» Raw data:
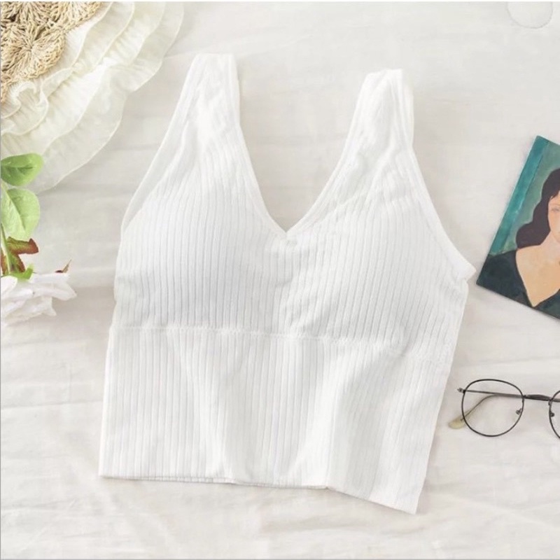 (ค่าส่งเริ่มต้น 18 บาท) สปอร์ตบราสายเดี่ยว2in1 ผ้าร่อง สีพื้น พร้อมส่ง (ค่าส่งเริ่มต้น 18 บาท)
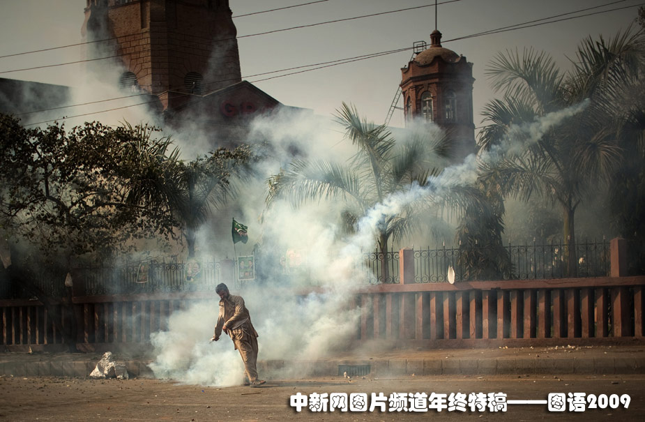 3月15日,一位巴基斯坦民众被炸弹的烟雾笼罩。
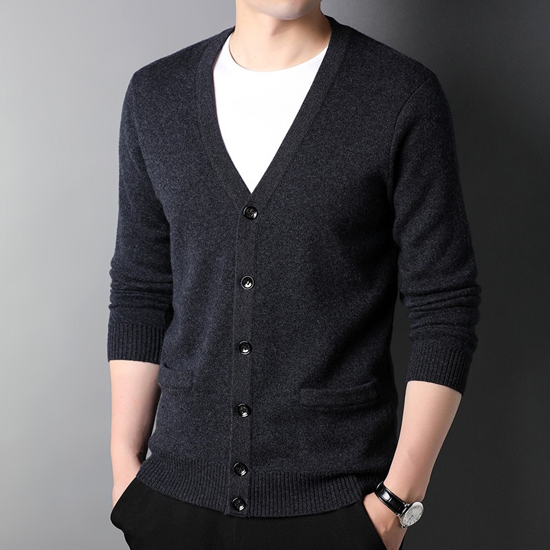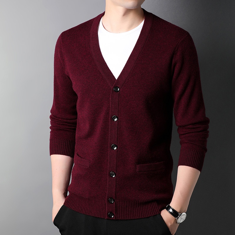 Product Source Category:In Stock,Item Number:664120980410,Design 1:Cardigan,Design:Form-fitting,Collar Style:V-neckline,Sleeve Length:Long Sleeve,Thickness of Yarn:Ordinary Yarn,Thickness:Thickened,Length of clothing:Regular Style 50cm<Length≤65cm,Style:Basic Popular,Design details:Ribbed Hem,Bargain Category:Business gentleman over 35 years old,Is it in stock?:No,Suitable for everyone:Youth,Year/Season of Release:Spring 2022,Wool Type:Wool,Percent fiber content:100%,Other fabric components:Wool,Applicable Scenarios:Casual,Suitable for the season:Spring and Autumn Season,Applicable to the target audience:Youth,Color:Medium Gray, Dark Gray, Medium Brown, Navy Blue, Deep Red,Size:M/165,L/170,XL/175,XXL/180,XXXL/185,XXXXL/190,Craftsmanship:None,Is it exclusively for cross-border export supply?:No,Sleeve Style:Regular,Original Design Source:yes,Is there a quality inspection report?:No,Suitable age group:adult,Applicable Gender:Male,Product Category:Sweater
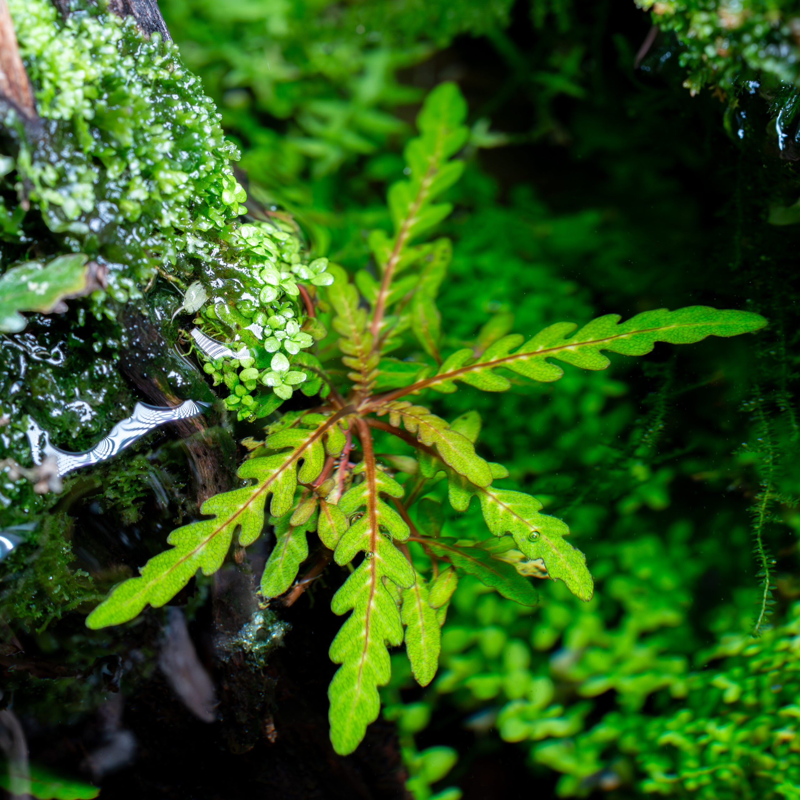 Der fiederspaltige Wasserfreund entwickelt im Aquarium einzigartig gelappte Blätter mit olivgrüner bis roter Farbe, die Blattunterseiten sind oft weinrot.

» The task:
An exact copy is needed of only the lines from the top of the material through the line with "3月15日,一位巴基斯坦民众被炸弹的烟雾笼罩。"; no pictures belong in it.

» Answer below:
 (ค่าส่งเริ่มต้น 18 บาท) สปอร์ตบราสายเดี่ยว2in1 ผ้าร่อง สีพื้น พร้อมส่ง (ค่าส่งเริ่มต้น 18 บาท)
 3月15日,一位巴基斯坦民众被炸弹的烟雾笼罩。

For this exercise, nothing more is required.